Regular expression match

echo 20110101 | awk '{ print match($0,/^((17||18||19||20)[0-9][0-9]|[0-9][0-9])-*([1-9]|0[1-9]|1[012])-*([1-9]|0[1-9]|[12][0-9]|3[01])$/))

I am getting a match for the above, where as it shouldn't, as there is no hyphen in the echoed date.

Another question is what is the difference between || and | in the above statement

The string || in an ERE (outside of a bracket expression) produces undefined results. Otherwise, a | in an ERE (outside of a bracket expression) separates alternatives to be matched by the ERE.
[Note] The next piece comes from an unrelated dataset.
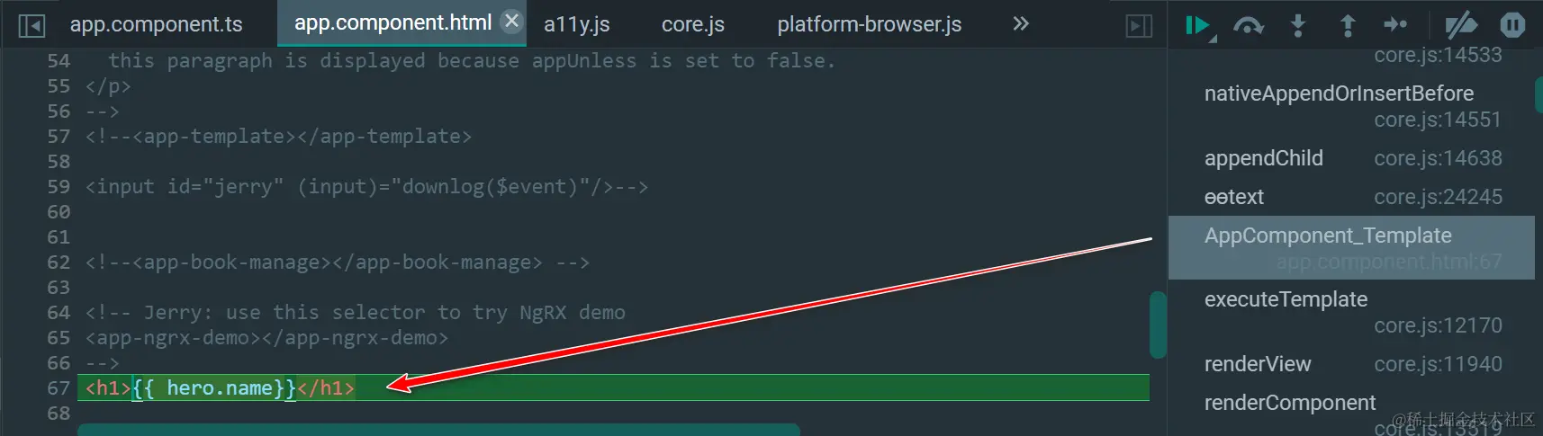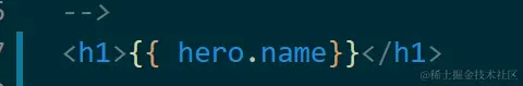 Component的template页面就一行语句,利用interpolation显示hero属性的name字段:
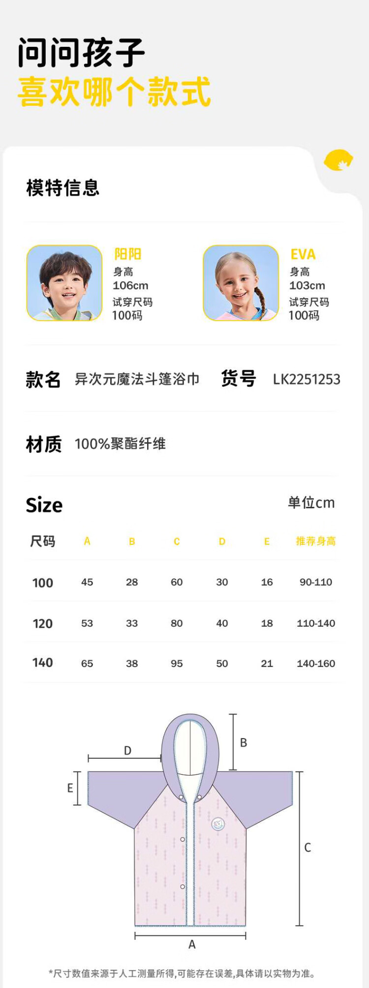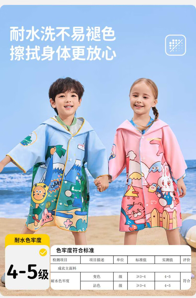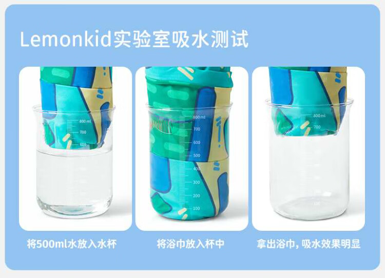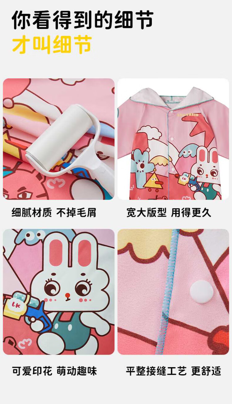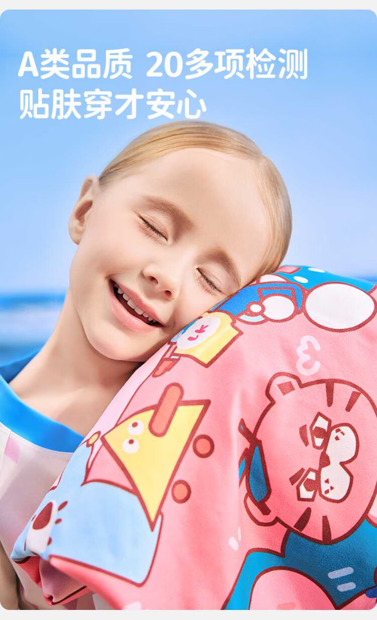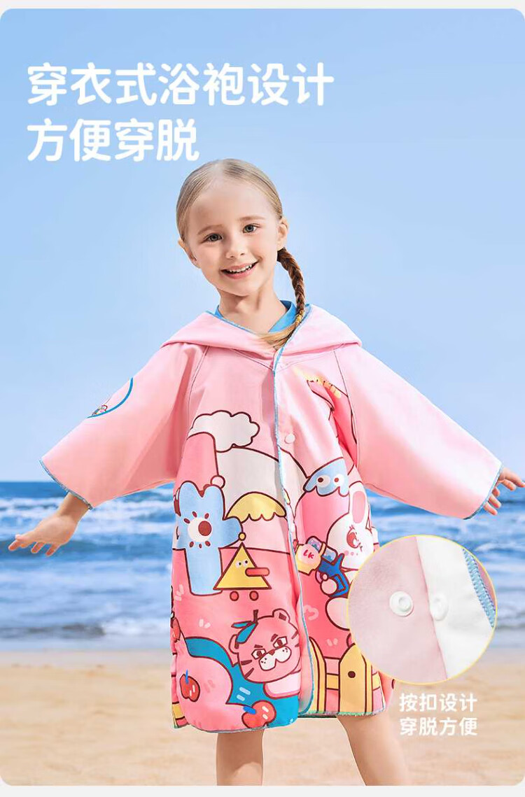 lemonkid儿童浴袍宝宝男女童带帽可穿吸水速干浴巾 水族蓝恐龙 100

In an ERE, the expression -* matches zero or more hyphens.

In your awk statement, you not only have a few undefined terms in your ERE, you also have an extra ) , a missing } , and a missing ' ; so there is no way that that awk statement produced any output other than a diagnostic message.

With the awk script:

echo 20110101 | awk '
{match($0,/^((17|18|19|20)[0-9][0-9]|[0-9][0-9])-*([1-9]|0[1-9]|1[012])-*([1-9]|0[1-9]|[12][0-9]|3[01])$/)
 print RSTART, RLENGTH
}'

the output is:

1 8

The matching parts of the ERE are marked in red.

-* means any number of hyphens, 0...many. So 0 hyphen matches.
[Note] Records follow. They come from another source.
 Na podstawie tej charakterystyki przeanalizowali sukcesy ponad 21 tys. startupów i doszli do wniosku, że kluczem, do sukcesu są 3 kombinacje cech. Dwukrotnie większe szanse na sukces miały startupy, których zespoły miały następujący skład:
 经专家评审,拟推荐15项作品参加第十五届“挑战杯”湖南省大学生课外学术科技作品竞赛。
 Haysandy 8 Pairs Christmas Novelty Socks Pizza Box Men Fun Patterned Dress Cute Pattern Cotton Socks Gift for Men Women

I think what is missing from is here is the follow up comment that if you want to ensure that a hyphen is there, keep it as a literal character without any special meaning, i.e. drop the meta-character *

You would change this expression:-

....^((17|18|19|20)[0-9][0-9]|[0-9][0-9])-*([1-9]|0[1-9]|1[012])-*([1-9]|0[1-9]|[12][0-9]|3[01])$....

...to this:-

....^((17|18|19|20)[0-9][0-9]|[0-9][0-9])-([1-9]|0[1-9]|1[012])-([1-9]|0[1-9]|[12][0-9]|3[01])$....
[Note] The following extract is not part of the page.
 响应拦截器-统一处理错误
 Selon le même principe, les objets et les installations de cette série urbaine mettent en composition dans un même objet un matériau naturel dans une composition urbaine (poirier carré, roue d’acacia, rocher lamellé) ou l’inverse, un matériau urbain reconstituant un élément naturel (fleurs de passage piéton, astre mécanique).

Does this help clarify what you need to do?

Robin

The part that I found strange about the given ERE is that it will accept dates like 2015115 (which is ambiguous) as well as 2015-1-15 and 2015-11-5 (both of which are clear as to where the break is between the month and day). And, although 20151-15 and 201511-5 might be unambiguous, I'm not sure that I would want to accept them as "valid" date input (and both of these are also accepted by the given ERE).